## DATA FOR REVIEW
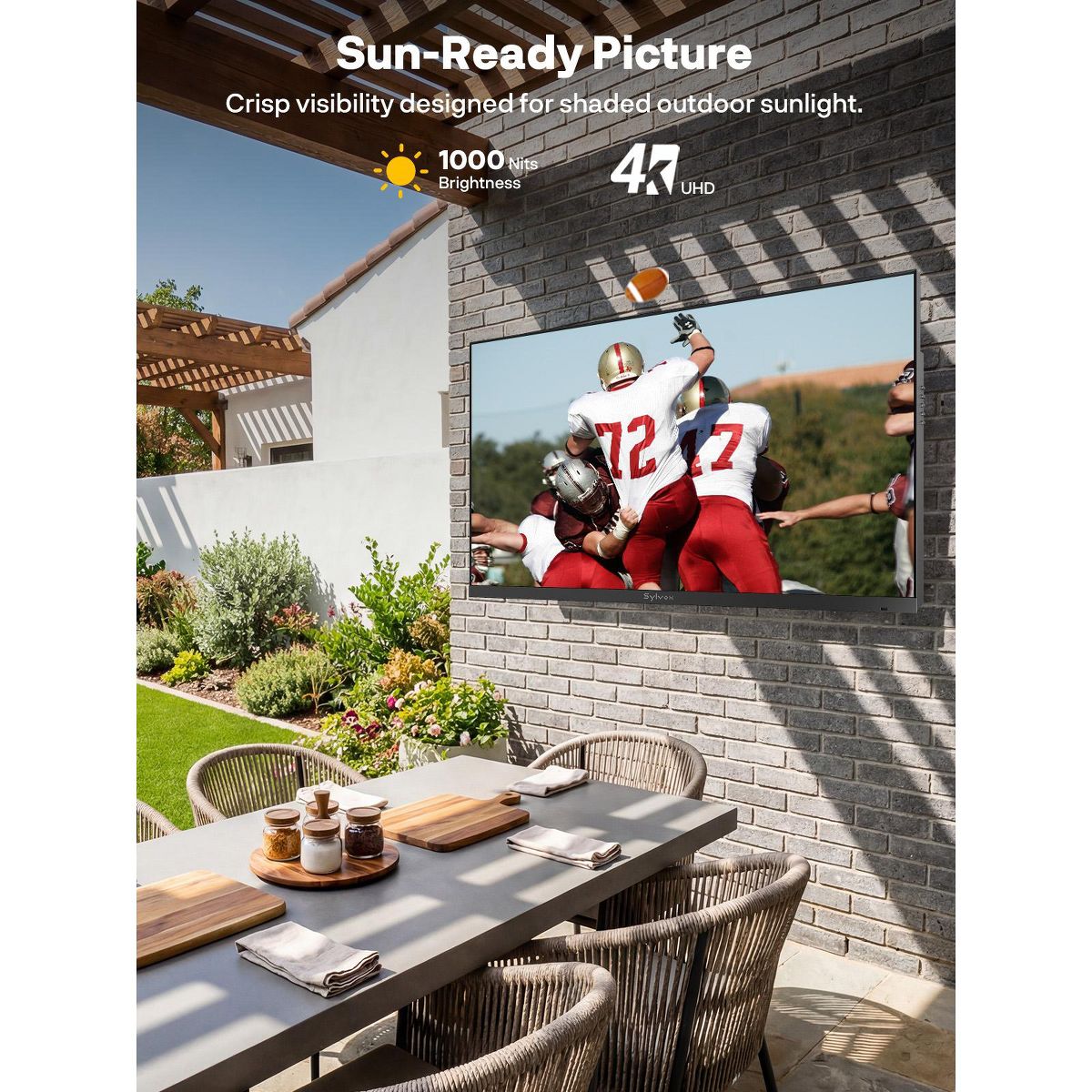 Enjoy crisp 4K detail and daylight-ready brightness that keeps movies, sports, and family shows vivid and comfortable to watch outdoors—from slow afternoons under the pergola to weekend gatherings on the patio.
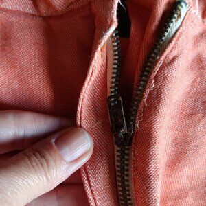 The zipper is stained in spots and the pull is rusted. There is rust stain and wear where it lies against the fabric on the interior, however this does not affect the exterior fabric. There is some wear in the fabric on the exterior side (unrelated to the zipper). There are a few pulls in the fabric, some wear at the bottom of the inside of the leg, and a break in the stitching at the hem. There is a faint yellowish stain on the front bottom left leg and there are pinkish stains that almost look like more concentrated areas of orange. Please see all photos. Measurements taken lying flat:
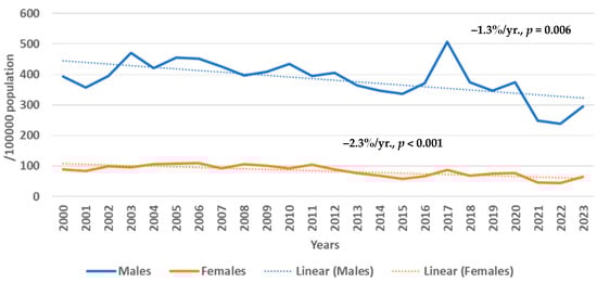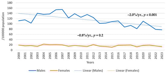 The age-standardized mortality from IHD is presented in Figure 2. It was found that the mortality from IHD rates in males was, on average, three–four times higher than in females. During 2000–2023, it was observed that in the 25–64-year-old male population age-standardized mortality from IHD significantly decreased (−2.0%/yr., p < 0.001), whereas in the female population it was without significant changes.
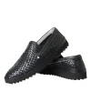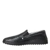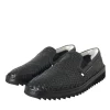 Black Woven Buffalo Leather Men Loafers Shoes
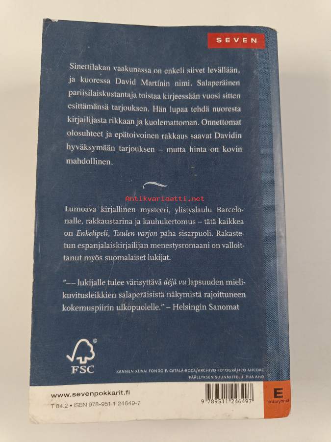 Muu(t) tekijä(t): Anu Partanen, Tarja HärkönenSarja: SevenAlkuteos: El juego del angelAsiasanat: maaginen realismi, Barcelona

## PROBLEM DESCRIPTION
The answer is the listing above repeated verbatim, minus its images.

## WRITTEN RESPONSE
 Enjoy crisp 4K detail and daylight-ready brightness that keeps movies, sports, and family shows vivid and comfortable to watch outdoors—from slow afternoons under the pergola to weekend gatherings on the patio.
 The zipper is stained in spots and the pull is rusted. There is rust stain and wear where it lies against the fabric on the interior, however this does not affect the exterior fabric. There is some wear in the fabric on the exterior side (unrelated to the zipper). There are a few pulls in the fabric, some wear at the bottom of the inside of the leg, and a break in the stitching at the hem. There is a faint yellowish stain on the front bottom left leg and there are pinkish stains that almost look like more concentrated areas of orange. Please see all photos. Measurements taken lying flat:
 The age-standardized mortality from IHD is presented in Figure 2. It was found that the mortality from IHD rates in males was, on average, three–four times higher than in females. During 2000–2023, it was observed that in the 25–64-year-old male population age-standardized mortality from IHD significantly decreased (−2.0%/yr., p < 0.001), whereas in the female population it was without significant changes.
 Black Woven Buffalo Leather Men Loafers Shoes
 Muu(t) tekijä(t): Anu Partanen, Tarja HärkönenSarja: SevenAlkuteos: El juego del angelAsiasanat: maaginen realismi, Barcelona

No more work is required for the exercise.